One reflection focused on the eco-social context of service work in Oberlin, encouraging students to identify what community need they were addressing with their project, why that need existed, and who had attempted to fill that need in the past. Other reflections instructed students to turn inwards and ask themselves what skills and knowledge they had, how they hoped to grow, and how they could apply their current abilities to what they wanted to accomplish.

“Being new to college, it just so happened that I was thinking a lot about what I was going to do with my life, and the reflections offered a nice little structure to put those thoughts into,” Meyers says.

While reflection can often be a solitary and even isolating activity, the reflection series brought students together, opening up discussions to different perspectives while helping students with similar interests find each other. “I really thought the most valuable part was talking to my peers and getting their thoughts and ideas,” says third-year Anna Berntson, who worked with a music therapist at Kendal at Oberlin. Fellow third-year William Lynch, who had a clinical internship at Kendal at Oberlin, agrees: “Being able to explain my thoughts and listen to other people and how they formalize their thoughts—especially if there’s something that’s hard to put into words—that helps.”

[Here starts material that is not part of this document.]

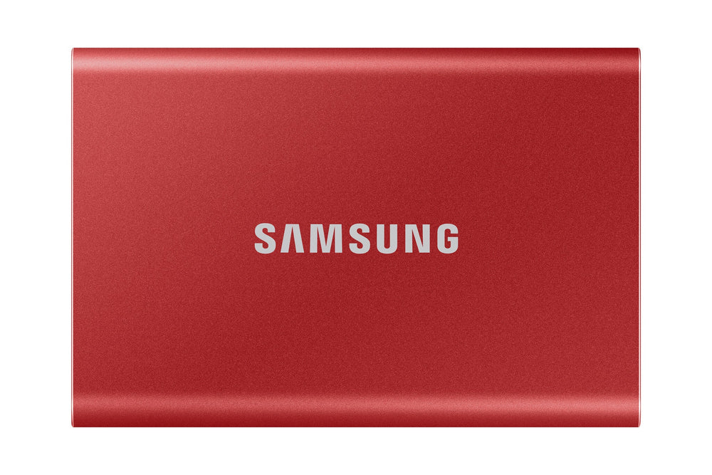 Up to 9.5 times faster than an external HDD with transfer speeds of up to 1,050MB/s.. USB 3.2 Gen 2 (up to 10 Gbps). Backwards compatible.. Compatible with Windows®, macOS®, Android™ phones and tablets, gaming consoles and cameras.. Peace of mind with up to 2 meters drop resistance and a 3-year limited warranty.. Includes USB Type-C-to-C and USB Type-C-to-A cables.. Transfer in a flash. Featuring sequential read/write speeds of up to 1,050 MB/s and 1,000 MB/s, the T7 can transfer massive files in mere seconds via its USB 3.2 Gen 2 interface to give your workflow a much-needed boost.. Compact design with colossal capacity. Store it all on a credit card-size drive with capacity from 1TB to 4TB in choice of blue or grey.. Compatible with multiple devices. Bundled with USB Type C-to-C and Type C-to-A cables for added convenience, the T7 minimises disruption, letting users switch seamlessly between Windows®, macOS®, smartphones, tablets or game consoles.. Capture longer, save instantly. Prolong your smartphone filmmaking with T7's excellent power efficiency. Capture and store 4K smartphone filming data simultaneously with T7. Enable instant editing with effortless T7 connection to your laptop or PC.. Sophisticated thermal solution. Use T7 without worrying about overheating. The T7's advanced thermal solution uses the Dynamic Thermal Guard to withstand and control heat, so the compact SSD stays at an optimal temperature even at fast speeds.. Built strong and secure. The T7 can be secured with an AES 256-bit encrypted password and is encased in a sturdy metal body that keeps data intact from falls of up to 2 meters. The T7 is confidently backed by a 3-year limited warranty.. Samsung Magician software. Unlock the full power of T7 with Samsung Magician software - a user-friendly suite of optimisation tools that facilitate the best portable SSD performance. Protect valuable data, monitor drive health, and get the latest firmware updates.. Bringing innovations to life. For decades, Samsungs NAND flash memory has powered groundbreaking technologies that have changed every part of our daily lives. This NAND flash technology also powers our consumer SSDs, making room for the next big push of innovation.. Lightning-fast transfer speeds. With up to 1,050 MB/s transfer speed, the T7 puts you full speed ahead at work or play.. Extensive compatibility. Freely switch between devices during your workflow without disruption.. Sleek and compact style. Effortlessly transfer vast data with the light and compact T7.. Solid state drive. Write speed. 1000 MB/s. Read speed. 1050 MB/s. NVMe. Yes. SSD capacity. 500 GB. Ports & interfaces. Wi-Fi. No. USB version. 3.2 Gen 2 (3.1 Gen 2). USB connector. USB Type-C. Features. Certification. CE, BSMI, KC, VCCI, C-tick, FCC, IC, UL, TUV, CB, EAC. Country of origin. South Korea. Compliance certificates. RoHS. Mac operating systems supported. Yes. Windows operating systems supported. Yes. Housing material. Aluminium. Product colour. Red. Security. Password protection. Yes. Hardware encryption. Yes. Weight & dimensions. Weight. 58 g. Height. 57 mm. Depth. 8 mm. Width. 85 mm. Packaging data. Package type. Box. Package weight. 77 g. Package height. 50 mm. Package depth. 125 mm. Package width. 100 mm. Logistics data. Harmonized System (HS) code. 84717070
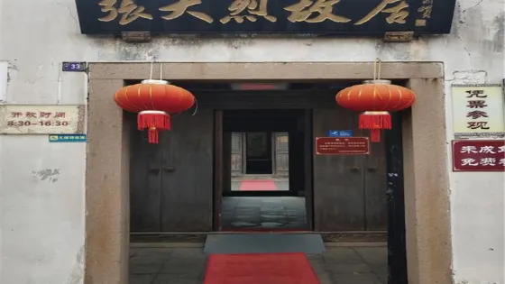 則評價張大烈故居,鄉民俗稱張氏故居為“黃石山牆”。故居始建於清鹹豐末年(1860年)。現存建築羣佔地總面積2128平方米。其中廳房建築面積1176平方米,庭院面積951平方米。故居坐西朝東,由正廳房和南北偏房三部分構成。正廳房在一條中軸網上建成五進四個庭院,石庫門框,釘着銅釘的黑漆大門,大門朝東。廳門前四進是五開間七步七架,後進是六步六架三連間大廳。在第三、第四進庭院中,有南北相對的小側廂4間。

From start to finish, the BCSL ensures that local winter term service projects are growing opportunities for students that will give participants new insight into how they can further serve their community. “Being able to find that connection between what you’re passionate about and what drives you with service is beneficial to the people you’re serving as well as yourself,” says third-year Amethyst Carey, who is a Ninde Scholars Program tutor year-round as well as during winter term, and acts as a Bonner leader and RA of the community service-themed wing in Dascomb Hall. “Everyone at the Bonner Center is really wonderful and supportive, full of knowledge, and really good at matching people with projects that use their talents so they can benefit the community but also grow from their own experiences, which I think is equally important.”